In the data below, locate the line containing "きらめくブラックビーズと艶を" and the line containing "Here's a cute", then retype both and everything between them exactly. Pictures are not part of the copy.

Records for this task —
>>>>>
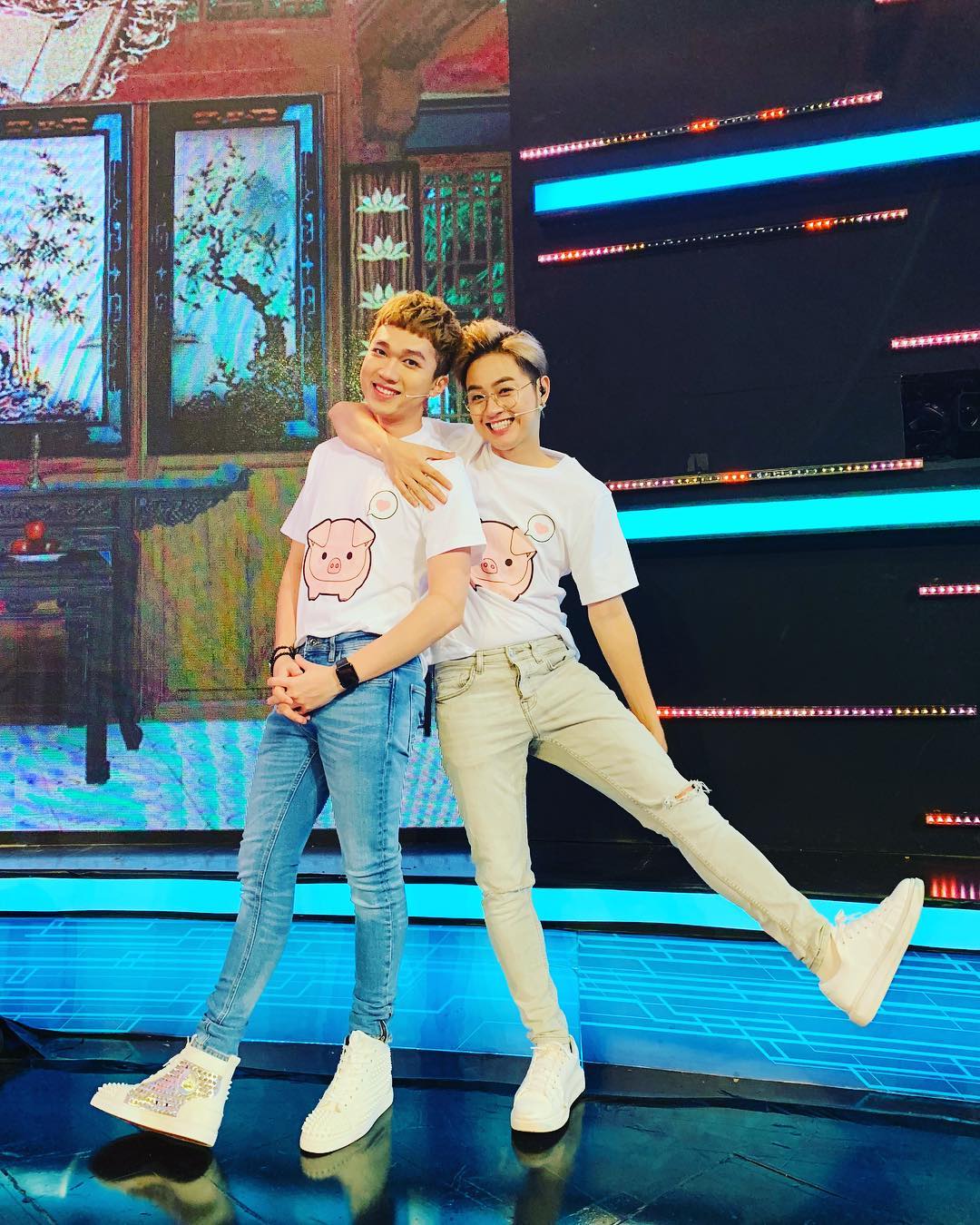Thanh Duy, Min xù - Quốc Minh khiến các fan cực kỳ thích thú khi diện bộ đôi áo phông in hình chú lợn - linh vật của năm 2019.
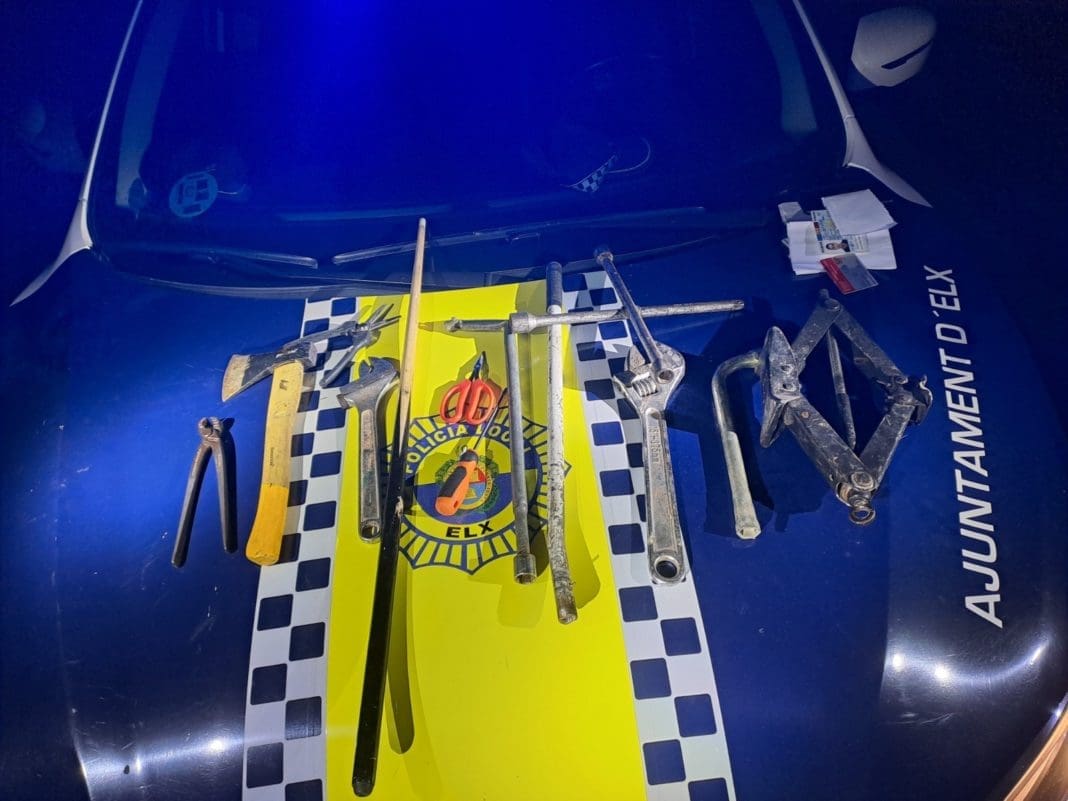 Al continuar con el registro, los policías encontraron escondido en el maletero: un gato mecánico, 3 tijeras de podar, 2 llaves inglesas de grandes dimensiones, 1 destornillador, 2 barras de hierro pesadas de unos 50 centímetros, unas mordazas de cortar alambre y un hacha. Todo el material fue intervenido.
<<<<<
>>>>>
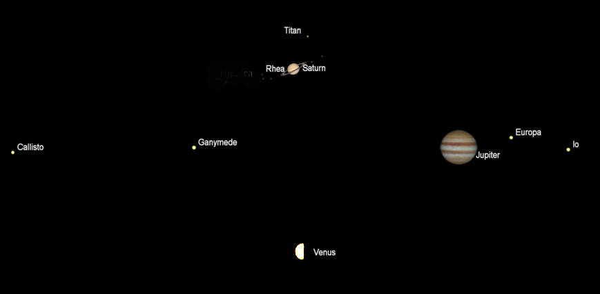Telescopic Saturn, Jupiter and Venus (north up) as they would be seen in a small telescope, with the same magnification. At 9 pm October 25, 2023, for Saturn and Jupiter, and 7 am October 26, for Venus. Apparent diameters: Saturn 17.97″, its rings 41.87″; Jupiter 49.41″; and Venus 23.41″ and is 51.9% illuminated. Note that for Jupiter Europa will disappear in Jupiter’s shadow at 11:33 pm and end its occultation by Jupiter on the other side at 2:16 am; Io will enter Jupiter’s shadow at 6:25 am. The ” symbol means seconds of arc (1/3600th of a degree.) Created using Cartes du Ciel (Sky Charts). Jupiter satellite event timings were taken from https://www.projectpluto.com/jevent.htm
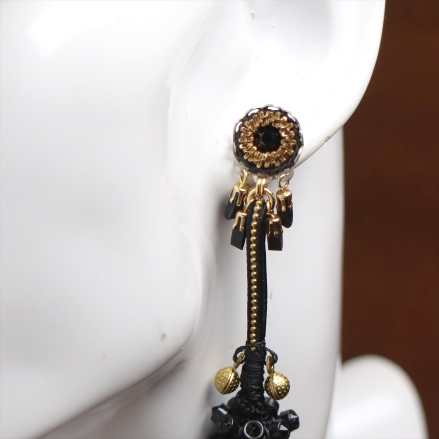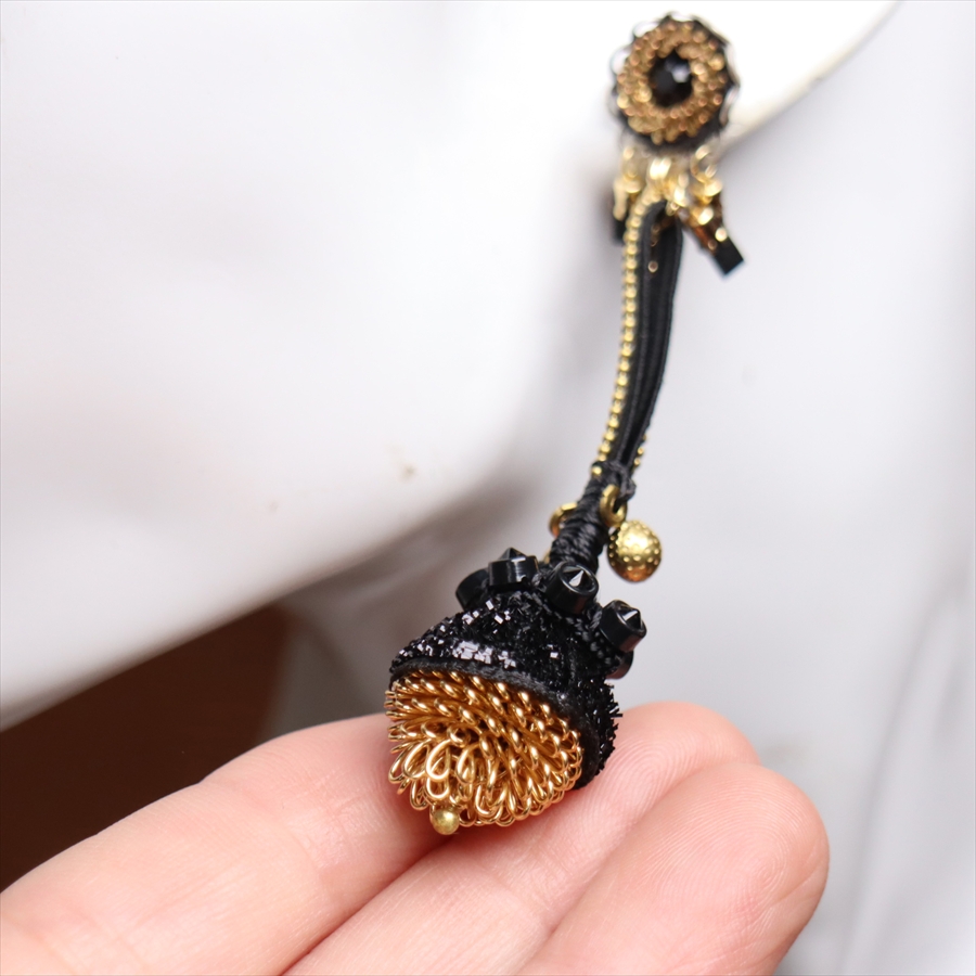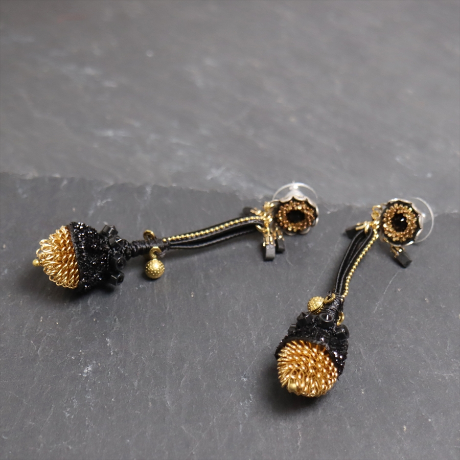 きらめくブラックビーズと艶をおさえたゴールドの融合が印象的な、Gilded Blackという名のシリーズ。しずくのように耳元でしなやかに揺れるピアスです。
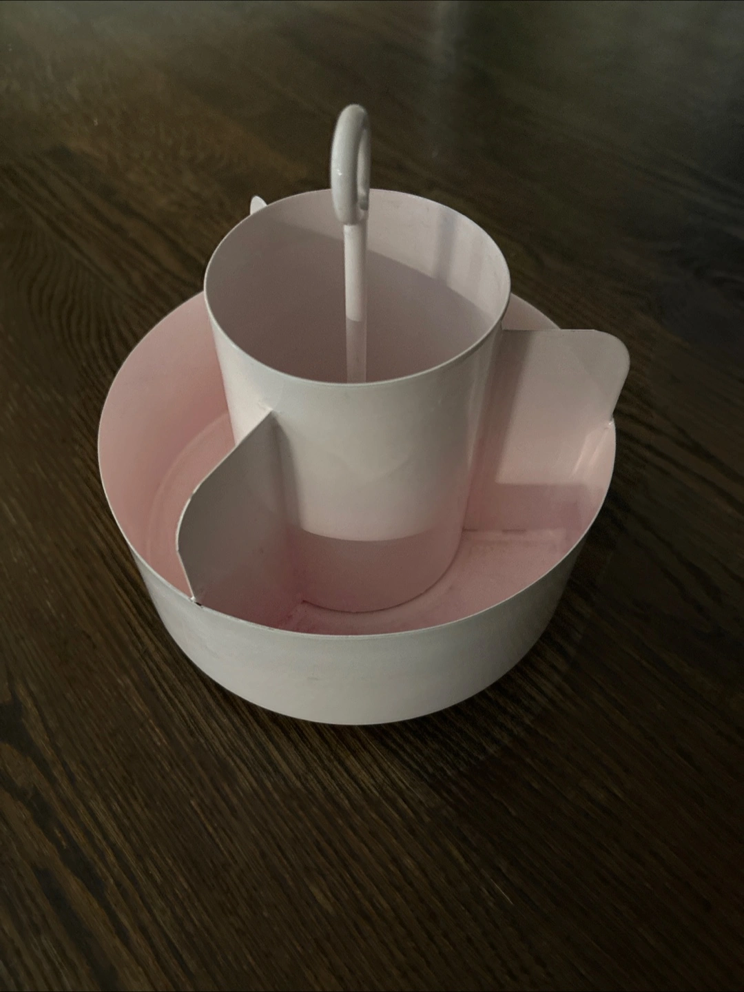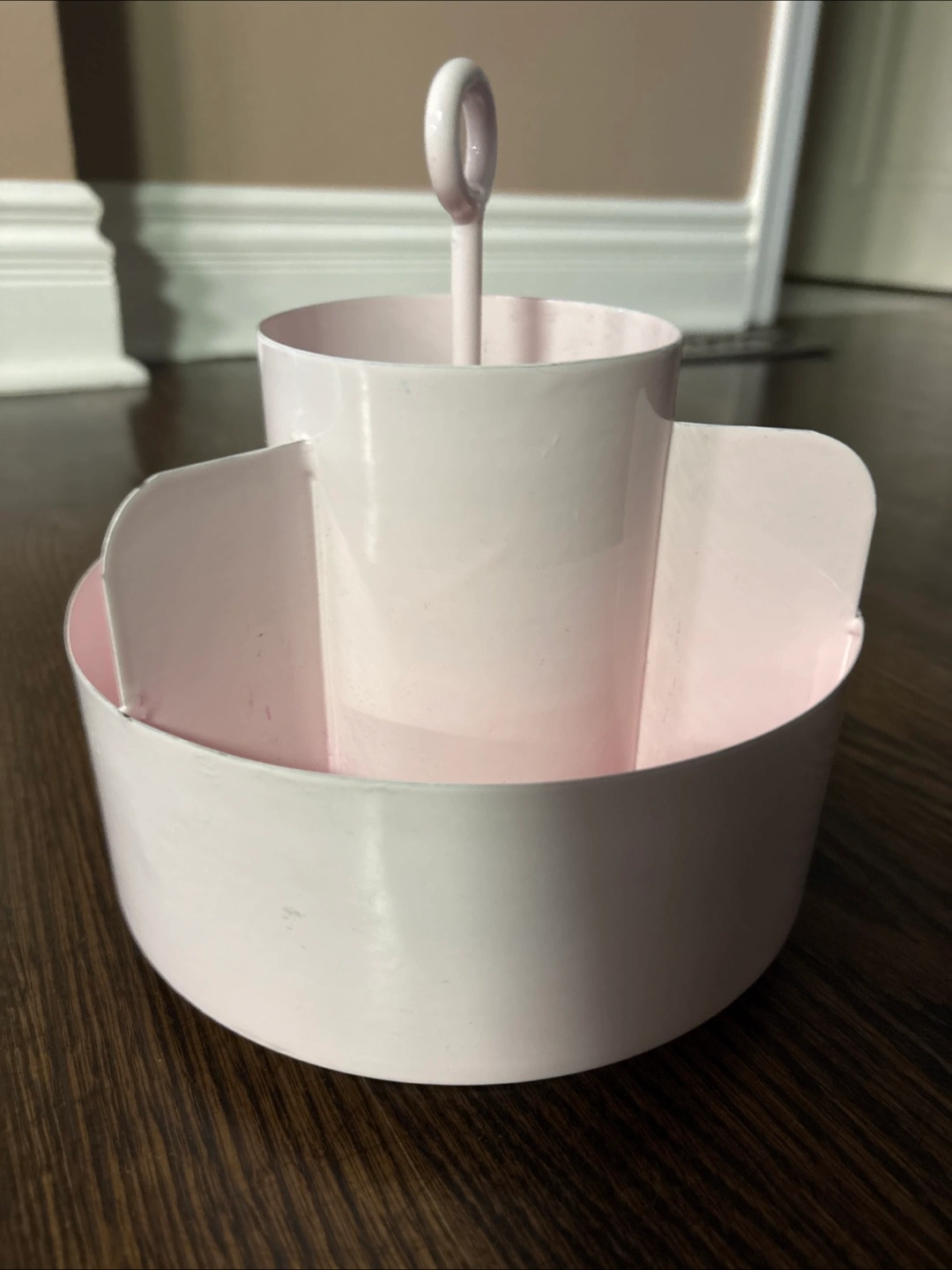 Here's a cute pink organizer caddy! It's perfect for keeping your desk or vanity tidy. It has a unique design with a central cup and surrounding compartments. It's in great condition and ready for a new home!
<<<<<
Response —
 きらめくブラックビーズと艶をおさえたゴールドの融合が印象的な、Gilded Blackという名のシリーズ。しずくのように耳元でしなやかに揺れるピアスです。
 Here's a cute pink organizer caddy! It's perfect for keeping your desk or vanity tidy. It has a unique design with a central cup and surrounding compartments. It's in great condition and ready for a new home!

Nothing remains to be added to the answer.